A small aneurysm or one that doesn't cause symptoms may not require surgical treatment until it reaches a certain size or is rapidly increasing in size over a short period of time. Your doctor may recommend "watchful waiting." This may include an ultrasound, duplex scan, or CT scan every six months to closely monitor the aneurysm, and blood pressure medication may be used to control high blood pressure.
If the aneurysm is causing symptoms or is large, surgery may be recommended by your doctor.

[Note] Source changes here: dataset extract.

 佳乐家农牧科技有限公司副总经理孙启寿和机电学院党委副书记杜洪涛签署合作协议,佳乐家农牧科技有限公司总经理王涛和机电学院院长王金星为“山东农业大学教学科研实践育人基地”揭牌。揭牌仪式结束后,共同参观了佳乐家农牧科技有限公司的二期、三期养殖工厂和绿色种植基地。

What is aortic dissection?
An aortic dissection, although uncommon, begins with a tear in the inner layer of the aortic wall. The aortic wall is made up of three layers of tissue. When a tear occurs in the innermost layer of the aortic wall, blood is then channeled into the wall of the aorta, separating the layers of tissues. This generates a weakening in the aortic wall with a potential for rupture. Aortic dissection can be a life-threatening emergency.
What causes aortic dissection?
The cause of aortic dissection is still under investigation. However, several risk factors associated with aortic dissection include, but are not limited to:
Hypertension (high blood pressure)
Connective tissue disorders, such as Marfan's disease, Ehlers-Danlos syndrome, and Turner's syndrome
Cystic medial disease (a degenerative disease of the aortic wall)

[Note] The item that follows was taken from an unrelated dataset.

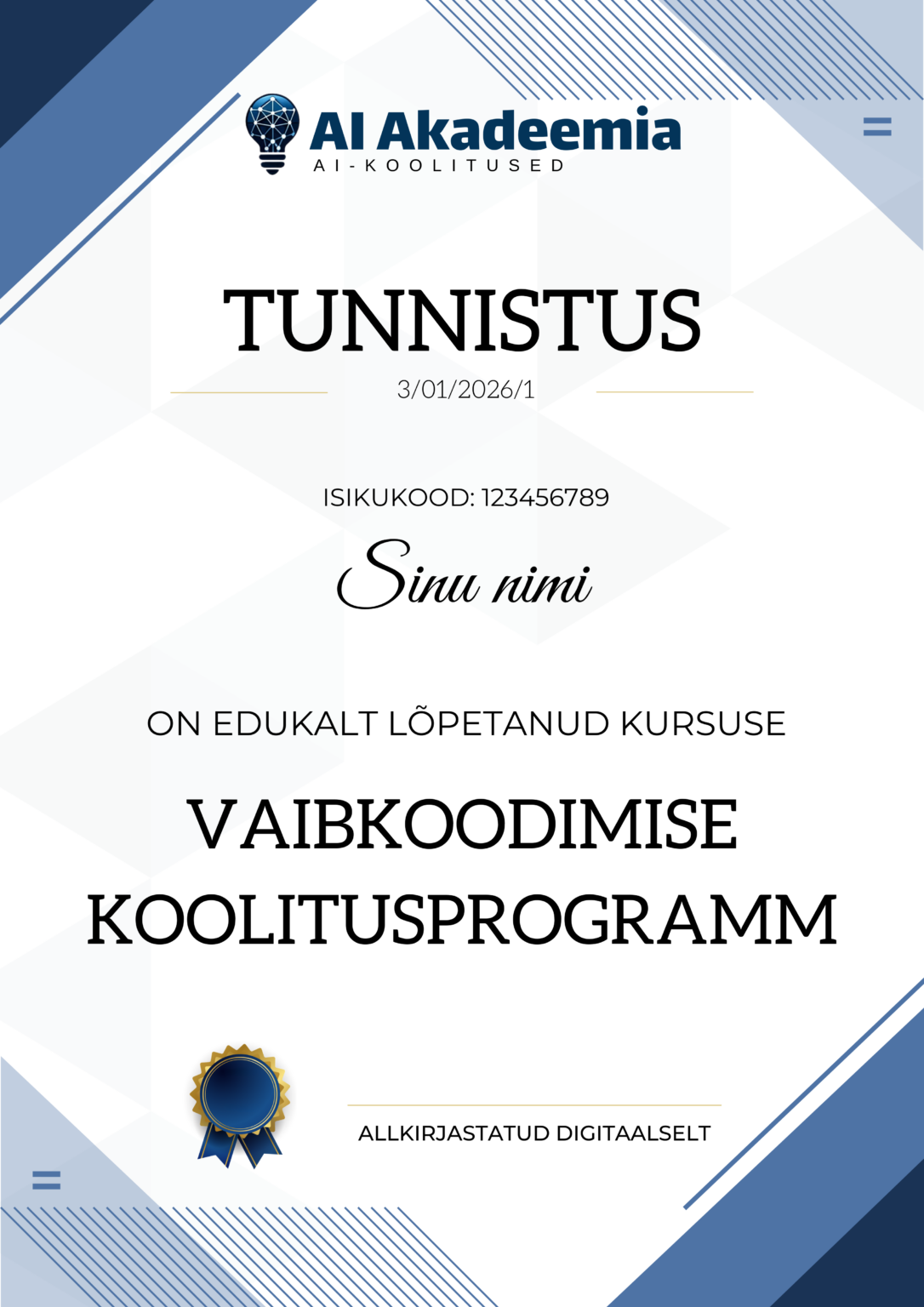 Tunnistuse saad pärast koolituse lõpetamist. Kõik, kes on koolituse läbi teinud (teinud ära AI teadmiste testi, mida saab teha soovi korral mitu korda), nendele saadame meilile AI Akadeemia koolituse tunnistuse. Tunnistus tõendab sinu AI oskusi, mille saad soovi korral lisada oma CV-sse.

Aortitis (inflammation of the aorta)
Existing thoracic aneurysm
Bicuspid aortic valve (presence of only two cusps, or leaflets, in the aortic valve, rather than the normal three cusps)

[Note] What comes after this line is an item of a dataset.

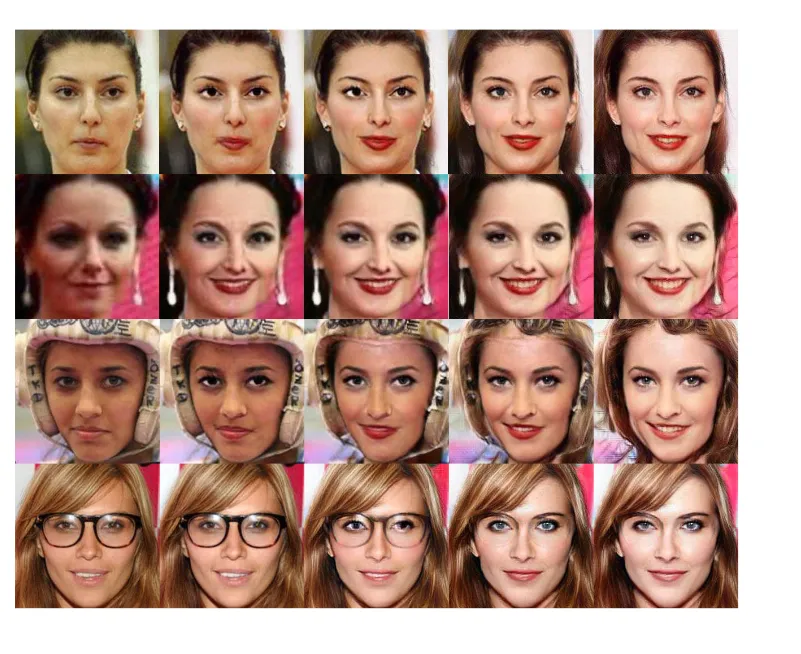 图2:基于美丽度打分的美颜效果,从左到右美丽度依次增加

Coarctation of the aorta (narrowing of the aorta)
Hypervolemia (excess fluid or volume in the circulation)
Polycystic kidney disease (a genetic disorder characterized by the growth of numerous cysts filled with fluid in the kidneys)
What are the symptoms of aortic dissection?
The most commonly reported symptom of an acute aortic dissection is severe, constant pain, sometimes described as "ripping" or "tearing," and located in the chest, the middle of the abdomen, the lower back, or the pelvis area. The pain may be "migratory," moving from one place to another, according to the direction and extent of the dissection.
The symptoms of aortic dissection may resemble other medical conditions or problems. Always consult your physician for more information.
How is aortic dissection diagnosed?
In addition to a complete medical history and physical examination, diagnostic procedures for an aortic dissection may include any, or a combination, of the following:
Computed tomography (CT) scan. This is a diagnostic imaging procedure that uses a combination of X-rays and computer technology to produce horizontal, or axial, images (often called slices) of the body. A CT scan shows detailed images of any part of the body, including the bones, muscles, fat, and organs. CT scans are more detailed than general X-rays.
Transesophageal echocardiogram (TEE). This diagnostic procedure uses echocardiography to assess the heart’s function and structures. A transesophageal echocardiogram is performed by inserting a probe with a transducer down the esophagus. By inserting the transducer in the esophagus, TEE provides a clearer image of the heart because the sound waves don't have to pass through skin, muscle, or bone tissue.
The physician will determine the most appropriate examination. When a diagnosis of aortic dissection is confirmed, immediate intervention is necessary. Medical intervention or surgery will be required depending on the location of the aortic dissection.